The controls required for implementation and subsequent assessment are selected based upon the anticipated risk stemming from one or more threats. In many instances, the perceived risk directly correlates to the observation of occurrences of the activities associated with a threat as those activities become known. It is not reasonable, though, to presume that the frequency of occurrence of threat activities in the various kill chains relevant to these threats remains static. Rather, it is widely understood that certain threat activities occur more frequently or less frequently over time. The relative importance of a particular threat or threat activity may also change over time, and there may be other factors that contribute to its importance as well. Consequently, the ability of an organization to address these threats, and the corresponding assurances provided by assessment, can become less effective or meaningful over time.
To illustrate, the figure on the next page provides a basic example of the CTA approach applied to an assessment.
With respect to the figure, a control specification for an organizational assessment (100) specifies different threats (150), and each of these prospective threats is modeled with one or more kill chains (140A, 140B, … ,140n-1, 140n). Each of these activities could include ‘meta-data’ such as the frequency, probability of success, criticality, and other relevant information associated with the activities. Further, each of the prospective threats (150) are mapped to a corresponding set of one or more controls (110), each of which mitigate at least one of the threat activities (140A, 140B, … , 140n-1, 140n) in a related kill chain for one or more of the threats (150).
Threat intelligence (120) is received periodically and includes a listing of observed threat activities (140A, 140B, 140n-1, 140n), which is subjected to analysis (130). The resulting statistical analysis (160) includes, for example, a frequency distribution of the observed threat activities (140A, 140B, … , 140n-1, 140n) or, in a more complex implementation, an analysis of the frequency distribution of threat intelligence (120) received and stored over time (not shown).
To the extent the statistical analysis (160) indicates a threshold change in the observation of one of the threat activities (140A, 140B, … , 140n-1, 140n), a threat modeler (180) may propose a control set modification (170) for the controls (110) specifically mapped to one or more threat activities to address potential changes in the probability of a threat occurrence implicated by the observed statistical characterization of the threat activity. Modifications could include:
- A change to one or more parameters to existing controls (110), e.g., reducing the number of failed login attempts before locking out a user account;
- Enhancement of one or more existing controls (110), e.g., additional audit logging requirements for a server;
- Replacement of one or more existing controls (110), e.g., requiring the white-listing of approved websites rather than black-listing prohibited websites; and
- The addition of one or more new controls (110), e.g., adding bias-related controls to existing integrity controls.
Figure 21. Notional Implementation of CTA
Many of the elements in the CTA process outlined above could be performed manually; however, HITRUST automates the overall process as much as practicable.
The figure on the following page helps illustrate the logic for modifying a control specification used for an assessment (100) according to observed threat activity (140A, 140B, … , 140n-1, 140n) by the threat modeler (180) in the context of a single related threat kill chain (150) for the purpose of simplicity.
Figure 22. Notional CTA-based Modification Process
An observed threat activity is selected for processing (410) and a determination is made whether the observed frequency of the threat activity exceeds a threshold (415).

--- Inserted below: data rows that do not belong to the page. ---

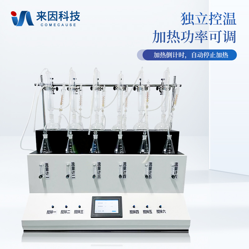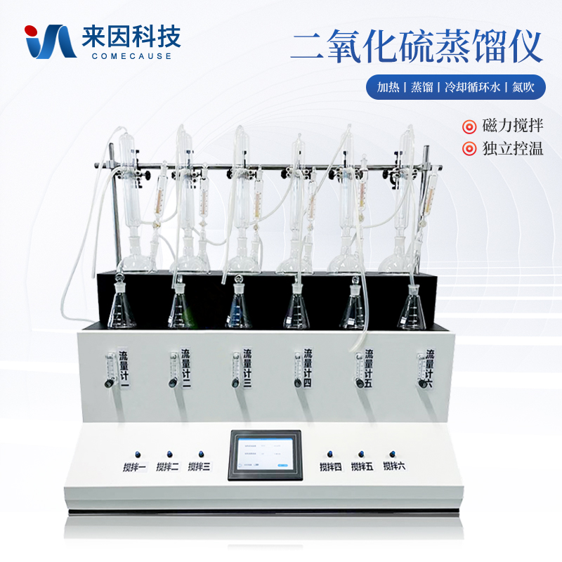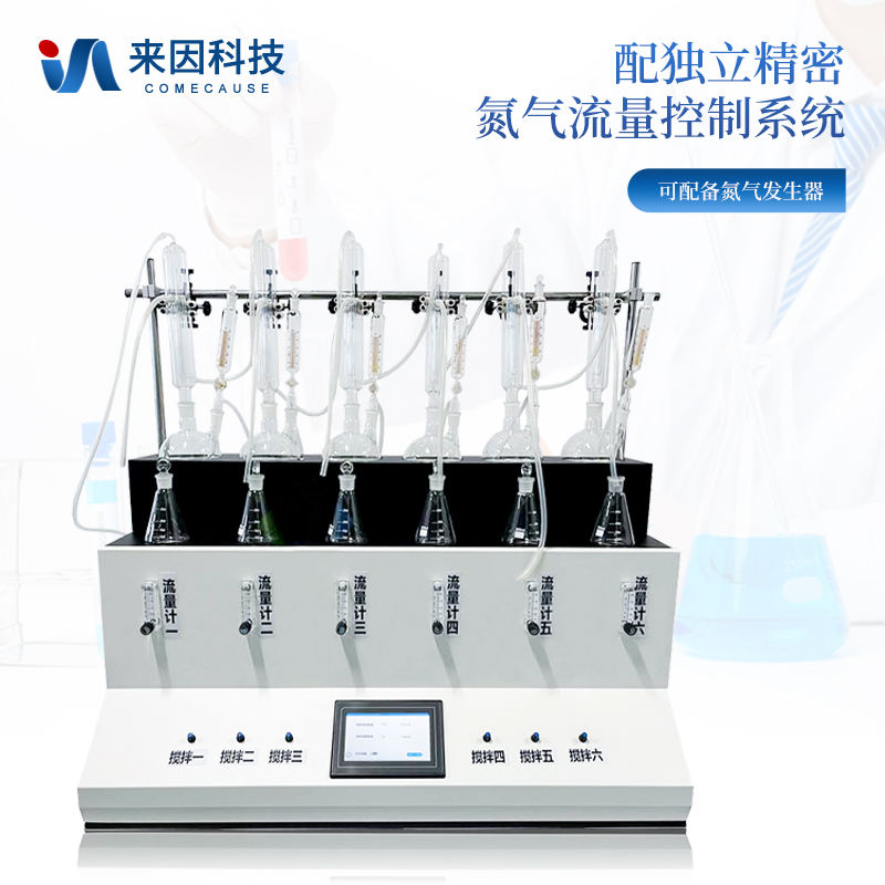 主要原理是根据药典中所提供的检测方法,将中药材以蒸馏法进行处理,样品中的亚硫酸盐系列物质加酸处理后转化为二氧化硫后,随氮气流带入到含有双氧水的吸收瓶中,双氧水将其氧化为硫酸根离子,采用酸碱滴定法测定,计算药材及饮片中的二氧化硫残留量。本产品在严格遵循药典要求的基础上,整合加热,蒸馏,水循环及氮吹等功能为一体,可同时提供3-6个样品(空白样,平行样)的处理,从而极大的提高了检测数据的精度和减少了工作时间。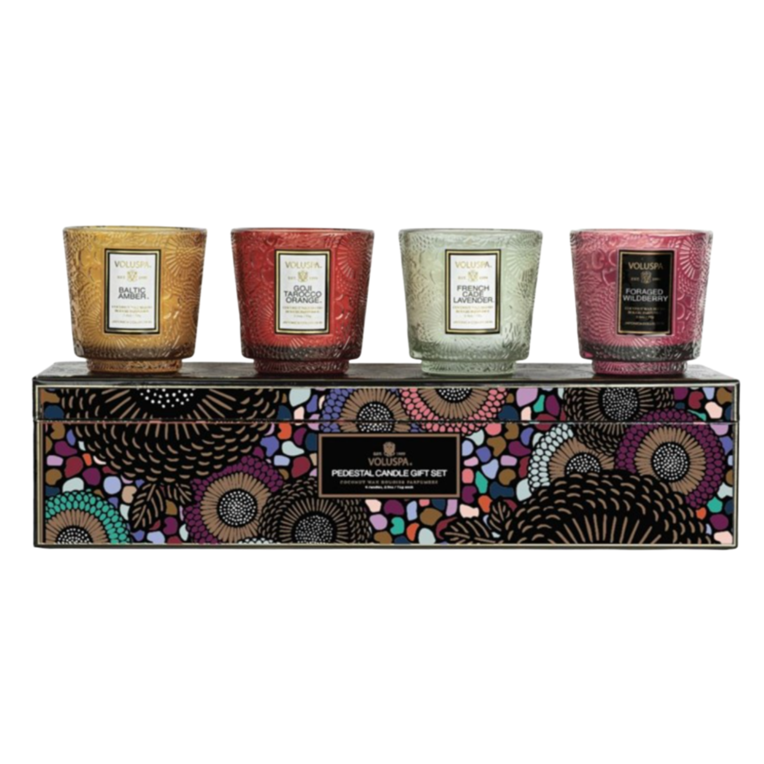 This beloved set of best sellers contains four 2.5 oz. candles in scents Baltic Amber, Goji Tarocco Orange, French Cade Lavender, and Foraged Wildberry (one of each).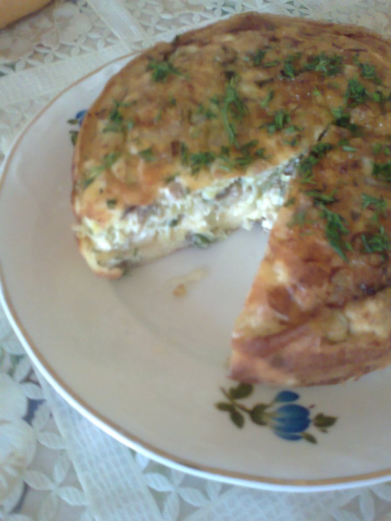 Tocăm ceapa verde mărunt şi o adăugăm peste compoziţia de mai suse. Ciupercile le punem într-o strecurătoare la scurs, brânza şi usturoiul le dăm pe răzătoarea mică, mărarul îl tocăm mărunt şi le adăugăm pe toate în castron. Punem 8 ouă din cele 10, delicat după gust şi amestecăm totul foarte bine.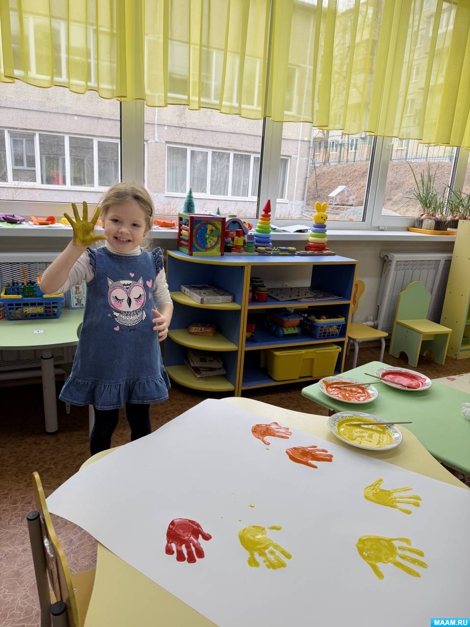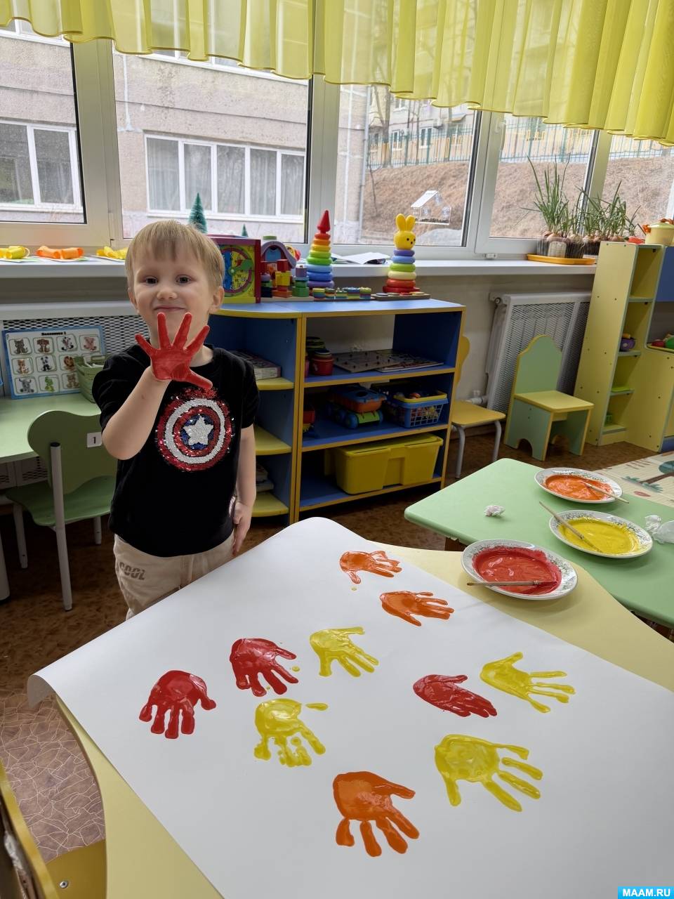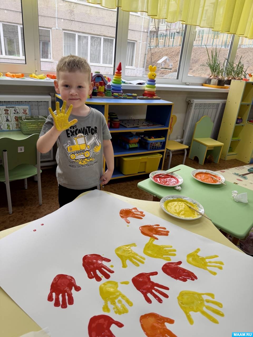 Воспитатель: Правильно цветы, но они у нас будут необычные, а из наших ладошек.

If not, it is determined whether additional threat activities have been observed (455) and, if so, the process repeats with the selection of a new observed threat activity (410). However, if it is determined that the observed frequency of the threat activity exceeds a threshold (415), a threat model is queried to identify a kill chain related to the threat activity (420).
A query then executes against the control specification to determine if an enhancement can be made to the control specification to address the risk posed by the change in selected threat activity (425), for example, by reducing the likelihood the threat activity will successfully exploit a vulnerability. If an enhancement for the control specification is available from the control library (430), the enhancement is added to a candidate list for analysis (435). If not, it is determined if additional threat activities are associated with the kill chain and have not yet been processed (440).
If additional threat activities remain, the process returns to querying of the control specification to determine if an enhancement can be made to the control specification to address the risk posed by the change in the next selected threat activity (425). Otherwise, it is determined if at least one enhancement is present in the candidate list (445).
If not, a query for an enhancement is transmitted to a general catalog of controls not tied to any specific underlying control specification (450). If an enhancement is located within the general catalog responsive to the threat activity (470), the enhancement is added to the candidate list (475). Otherwise, an intervention flag is generated (480) indicating to an analyst that a review is required of the threat activities and controls associated with the threat kill chain (420) to determine if new enhancements can be designed and added to the control library. In either circumstance, the process advances.
If it is determined if additional threat activities have yet to be processed (455), the process of selecting observed threat activity (410) repeats itself. However, if all threat activities have been processed, one or more of the enhancements in the candidate list are selected for inclusion in the control specification (460). For instance, the enhancements can be selected according to meta-information specifying a probability of mitigation and a cost of implementation so that the selection of the enhancements can be optimized. As a final step, the selected set of enhancements can then be added to the control specification.